-- Information shown follows --
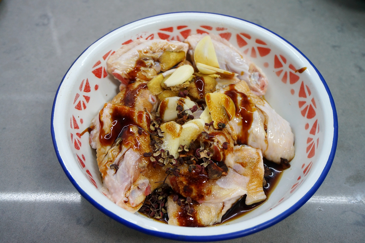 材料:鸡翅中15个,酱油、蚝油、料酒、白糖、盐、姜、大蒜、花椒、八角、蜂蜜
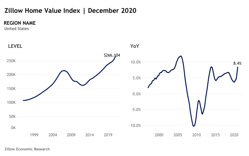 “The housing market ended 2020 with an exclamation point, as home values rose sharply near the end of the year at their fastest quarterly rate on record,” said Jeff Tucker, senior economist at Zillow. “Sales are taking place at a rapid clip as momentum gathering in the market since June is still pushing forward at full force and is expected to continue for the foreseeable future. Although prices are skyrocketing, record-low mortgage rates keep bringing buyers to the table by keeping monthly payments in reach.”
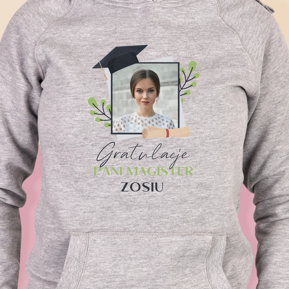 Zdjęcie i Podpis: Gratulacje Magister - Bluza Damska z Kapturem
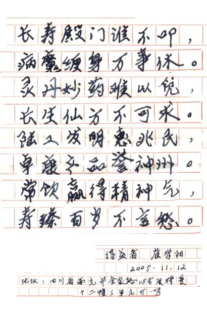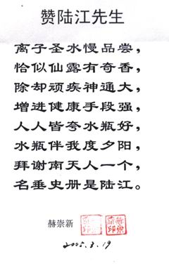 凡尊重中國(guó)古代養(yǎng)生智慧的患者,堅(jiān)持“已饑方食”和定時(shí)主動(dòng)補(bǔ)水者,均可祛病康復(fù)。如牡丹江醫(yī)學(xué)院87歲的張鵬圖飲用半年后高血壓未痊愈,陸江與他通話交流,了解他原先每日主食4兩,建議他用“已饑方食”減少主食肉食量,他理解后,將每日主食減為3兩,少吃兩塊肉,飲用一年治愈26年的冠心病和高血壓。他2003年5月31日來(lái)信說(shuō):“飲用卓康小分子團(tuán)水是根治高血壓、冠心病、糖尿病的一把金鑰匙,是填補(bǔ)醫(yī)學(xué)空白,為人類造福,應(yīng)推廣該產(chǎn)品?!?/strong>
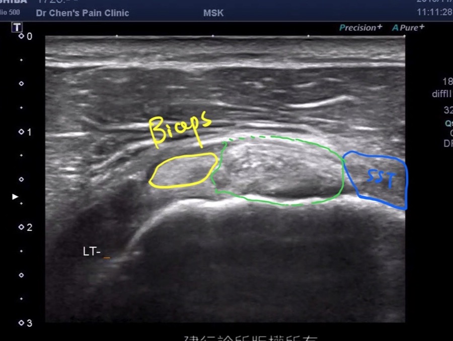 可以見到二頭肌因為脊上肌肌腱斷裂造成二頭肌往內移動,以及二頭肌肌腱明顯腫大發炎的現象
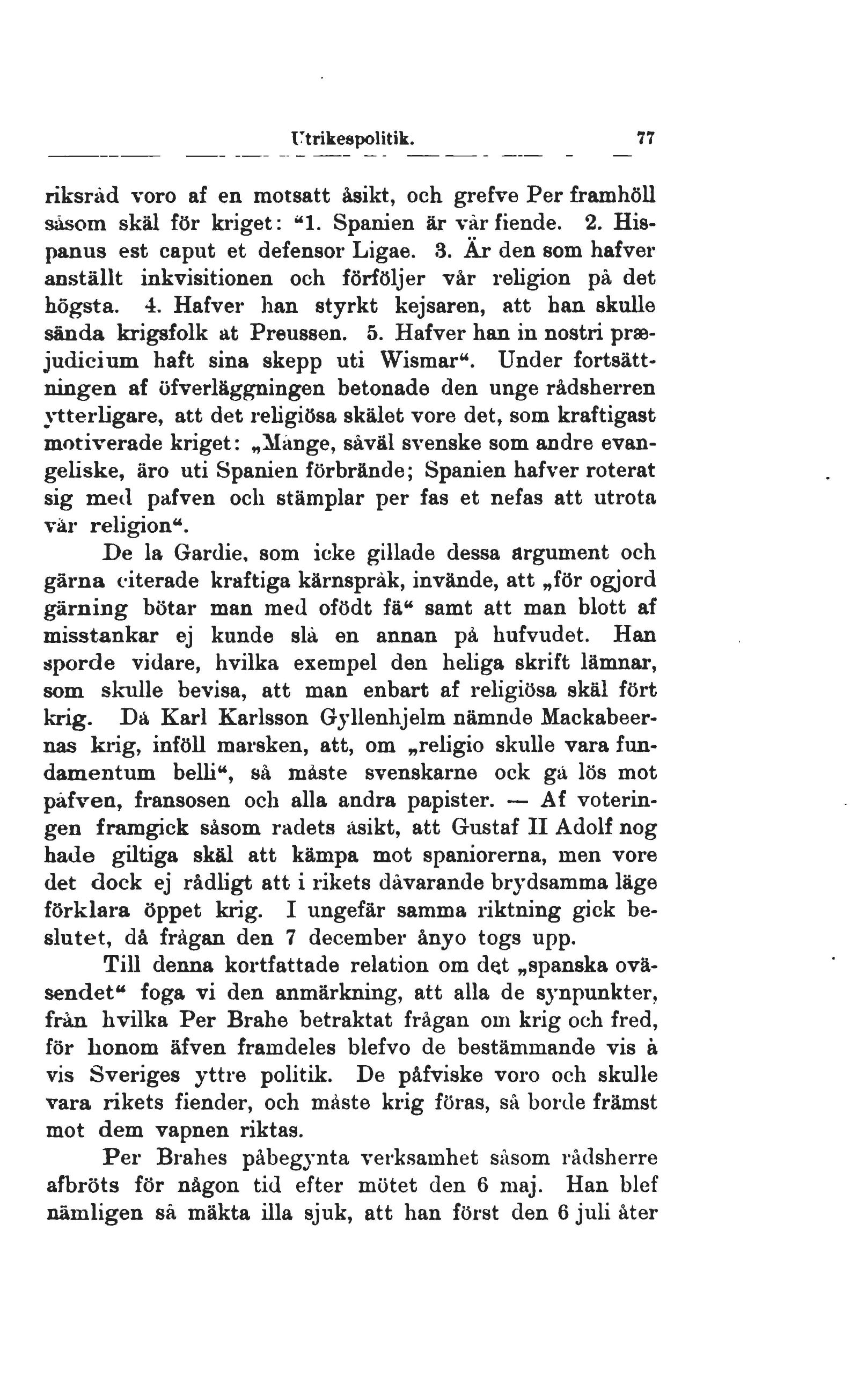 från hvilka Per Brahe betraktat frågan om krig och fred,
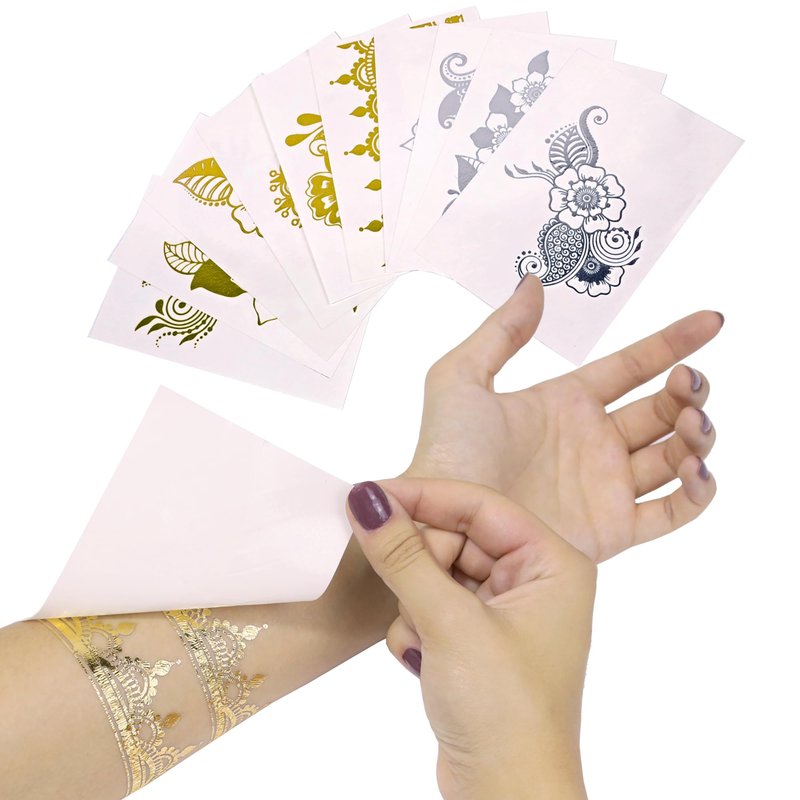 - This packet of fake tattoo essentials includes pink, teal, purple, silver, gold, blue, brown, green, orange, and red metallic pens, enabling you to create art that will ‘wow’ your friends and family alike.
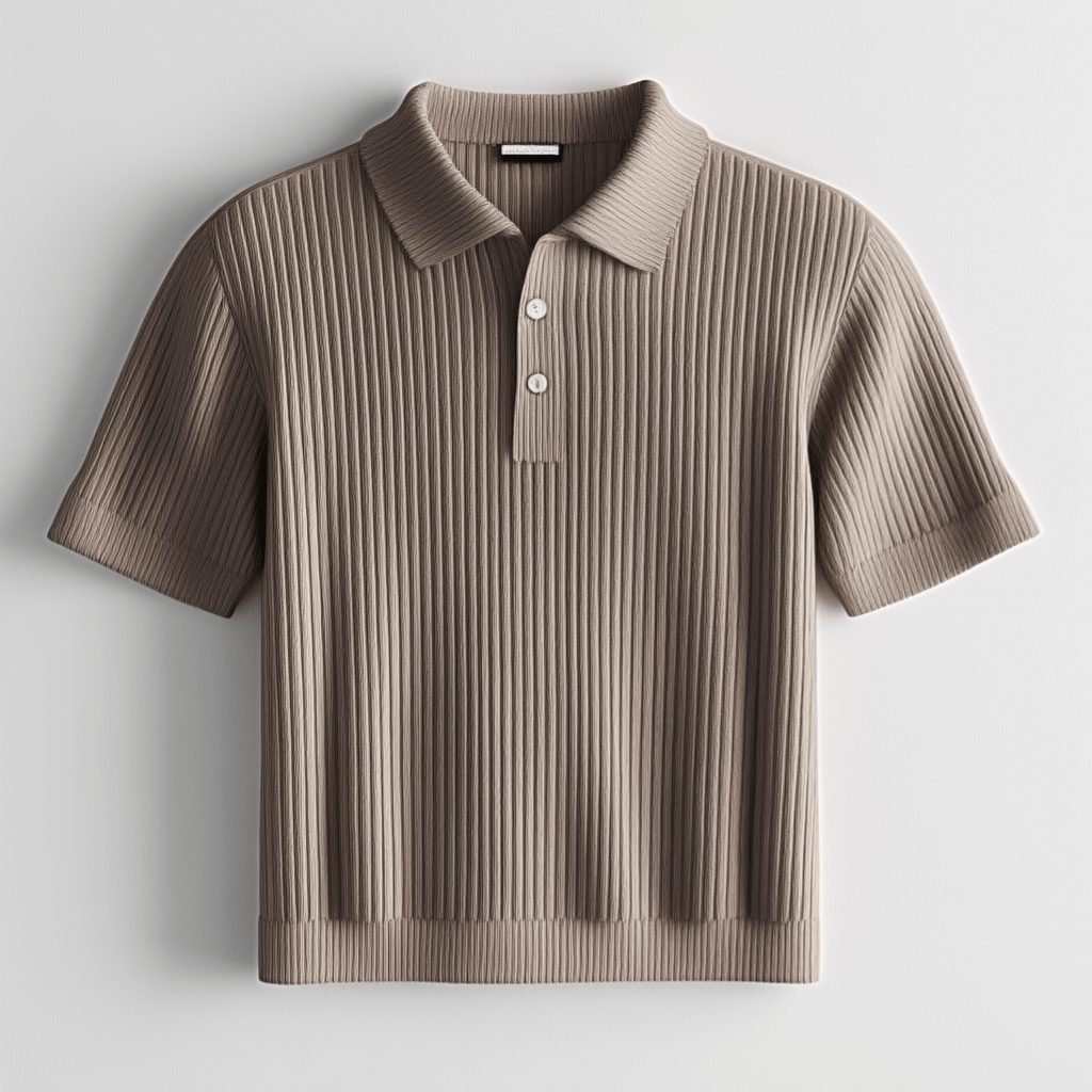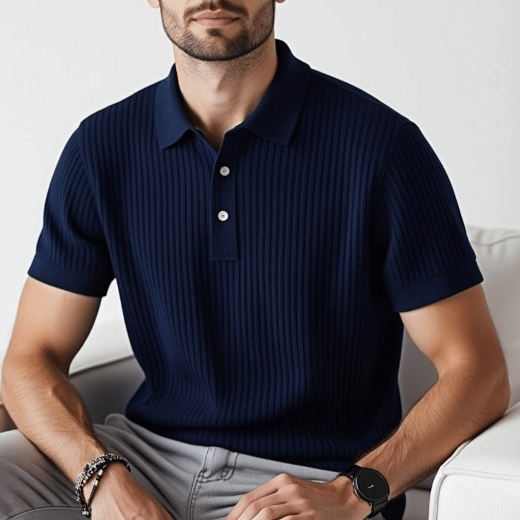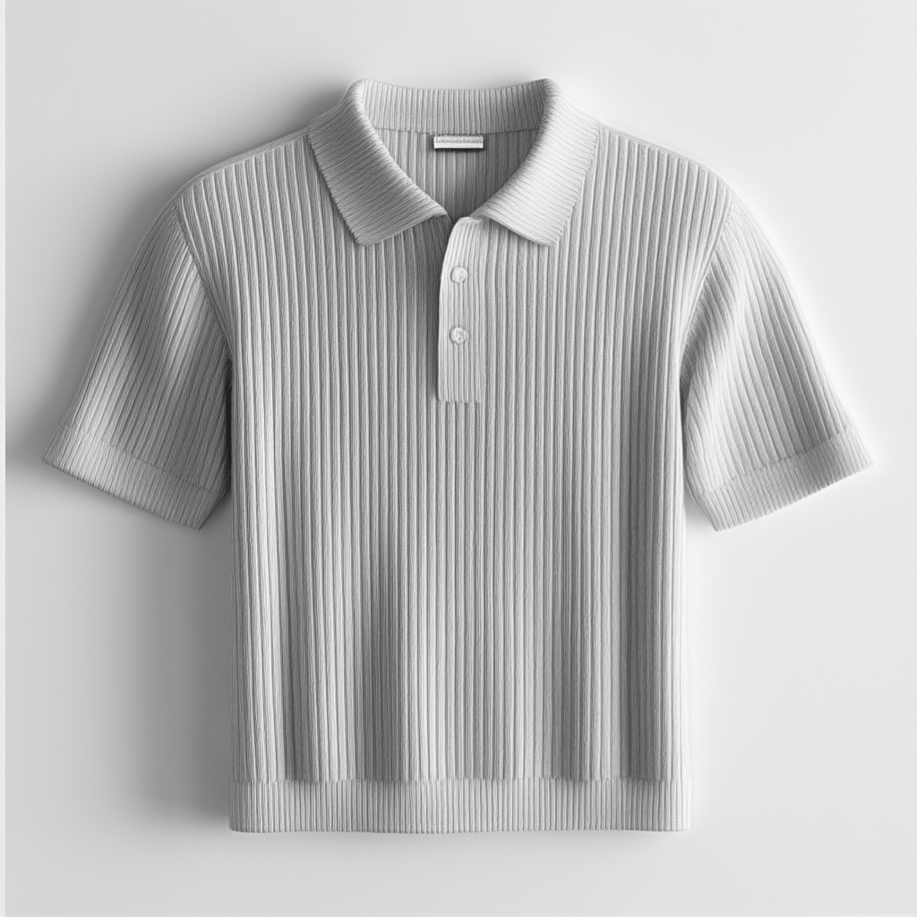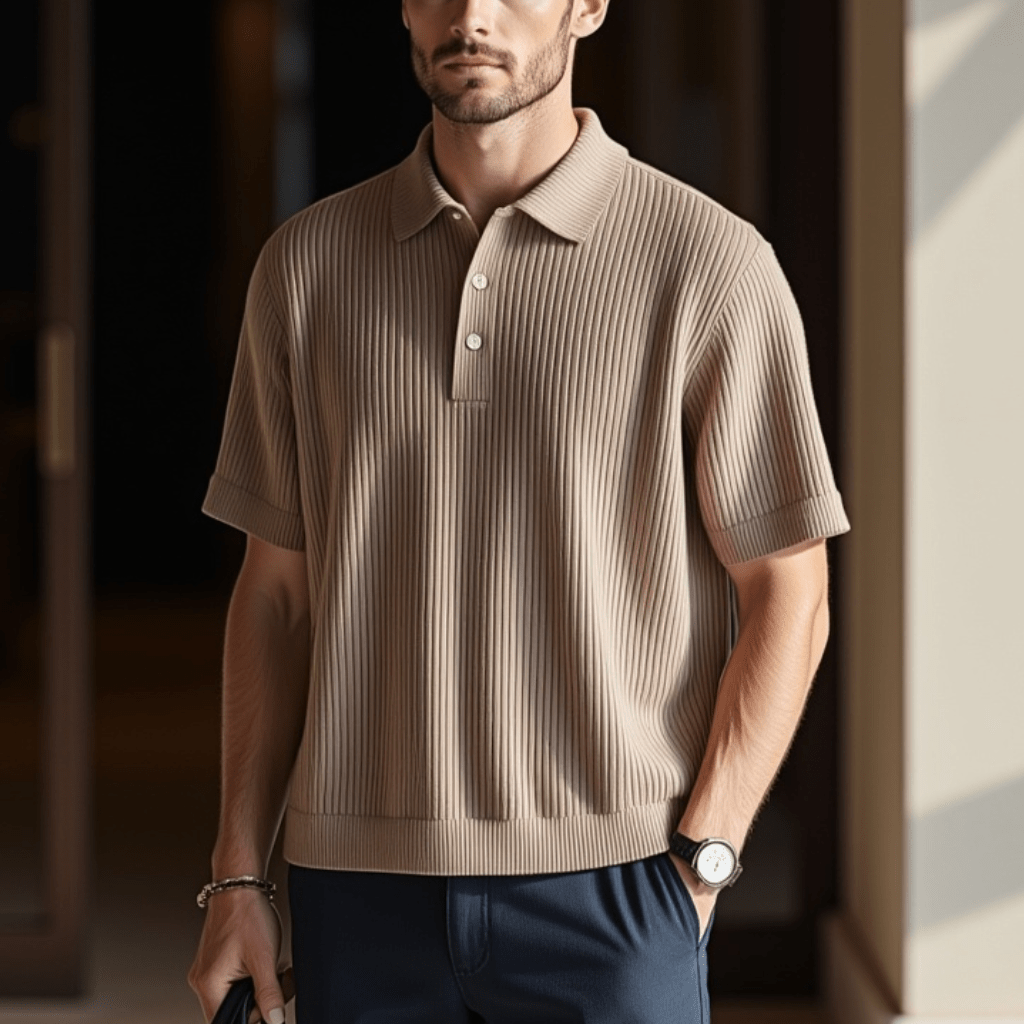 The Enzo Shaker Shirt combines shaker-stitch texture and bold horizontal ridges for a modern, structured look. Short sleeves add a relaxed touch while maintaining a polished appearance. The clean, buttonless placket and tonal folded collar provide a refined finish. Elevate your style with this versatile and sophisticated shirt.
-- Information shown concluded --
- _Exercise requirements_: Reproduce only the lines from the first line of the entries through the line containing "- This packet", exactly and with both ends kept. Omit the pictures.

- _Answer_:
 材料:鸡翅中15个,酱油、蚝油、料酒、白糖、盐、姜、大蒜、花椒、八角、蜂蜜
 “The housing market ended 2020 with an exclamation point, as home values rose sharply near the end of the year at their fastest quarterly rate on record,” said Jeff Tucker, senior economist at Zillow. “Sales are taking place at a rapid clip as momentum gathering in the market since June is still pushing forward at full force and is expected to continue for the foreseeable future. Although prices are skyrocketing, record-low mortgage rates keep bringing buyers to the table by keeping monthly payments in reach.”
 Zdjęcie i Podpis: Gratulacje Magister - Bluza Damska z Kapturem
 凡尊重中國(guó)古代養(yǎng)生智慧的患者,堅(jiān)持“已饑方食”和定時(shí)主動(dòng)補(bǔ)水者,均可祛病康復(fù)。如牡丹江醫(yī)學(xué)院87歲的張鵬圖飲用半年后高血壓未痊愈,陸江與他通話交流,了解他原先每日主食4兩,建議他用“已饑方食”減少主食肉食量,他理解后,將每日主食減為3兩,少吃兩塊肉,飲用一年治愈26年的冠心病和高血壓。他2003年5月31日來(lái)信說(shuō):“飲用卓康小分子團(tuán)水是根治高血壓、冠心病、糖尿病的一把金鑰匙,是填補(bǔ)醫(yī)學(xué)空白,為人類造福,應(yīng)推廣該產(chǎn)品?!?/strong>
 可以見到二頭肌因為脊上肌肌腱斷裂造成二頭肌往內移動,以及二頭肌肌腱明顯腫大發炎的現象
 från hvilka Per Brahe betraktat frågan om krig och fred,
 - This packet of fake tattoo essentials includes pink, teal, purple, silver, gold, blue, brown, green, orange, and red metallic pens, enabling you to create art that will ‘wow’ your friends and family alike.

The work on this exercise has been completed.